Number of osteoporotic sites and fracture risk assessment: a cohort study from the Manitoba Bone Density Program.

UNLABELLED: Site-discordance in BMD assessment is common and significantly affects patient categorization. Greater number of osteoporotic sites correlates with lower T scores at each index site. This largely explains the positive association between number of osteoporotic sites and fracture risk. INTRODUCTION: Site-discordance in BMD is common when used to classify patients based on a cut-off T score of -2.5. It is unclear whether fracture risk assessment is improved by considering BMD information from multiple sites. Our objective was to assess the contribution of number of osteoporotic sites to overall fracture risk.
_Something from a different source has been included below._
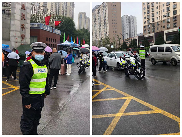 保卫部积极与交警部门取得联系,在校门口组织人员配合交警进行疏导,引导随行家长车辆即停即走,确保交通井然有序。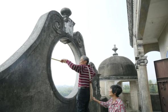 点赞夫妇俩与铜碉楼作品及原型瑞石楼合照~

MATERIALS AND METHODS: The study population was drawn from the regionally based clinical database of the Manitoba Bone Density Program that includes all clinical DXA test results for the Province of Manitoba, Canada. Analyses were limited to 16,505 women>or=50 years of age at the time of baseline DXA of the spine (L1-L4) and hip (three sites). During follow-up (3.2+/-1.5 years), longitudinal health service records showed 765 women with at least one osteoporotic fracture code (hip, forearm, spine, or humerus). RESULTS: Of 5012 women classified as osteoporotic by at least one site (T score -2.5 or lower), almost one half (2370; 47%) were abnormal at only a single site. Among the 1856 women with an osteoporotic total hip measurement, mean total hip T scores decreased as the number of additional osteoporotic sites increased (-2.58, no other osteoporotic sites; -2.69, one other site; -2.87, two other sites; -3.17, three other sites; Spearman r=-0.44, p<0.0001). Age-adjusted fracture risk from a Cox proportional hazards model increased as the number of osteoporotic sites increased (p<0.0001), but number of osteoporotic sites was no longer an independent predictor after total hip BMD was included as a covariate (p=0.19). Covariate adjustment for other sites of BMD measurement attenuated, but did not eliminate, the effect of number of osteoporotic sites. CONCLUSIONS: Site-discordance is common and significantly affects patient categorization when different skeletal sites are used for diagnosis. Greater number of osteoporotic sites correlates with lower T scores at each index site. This largely explains the positive association between number of osteoporotic sites and fracture risk.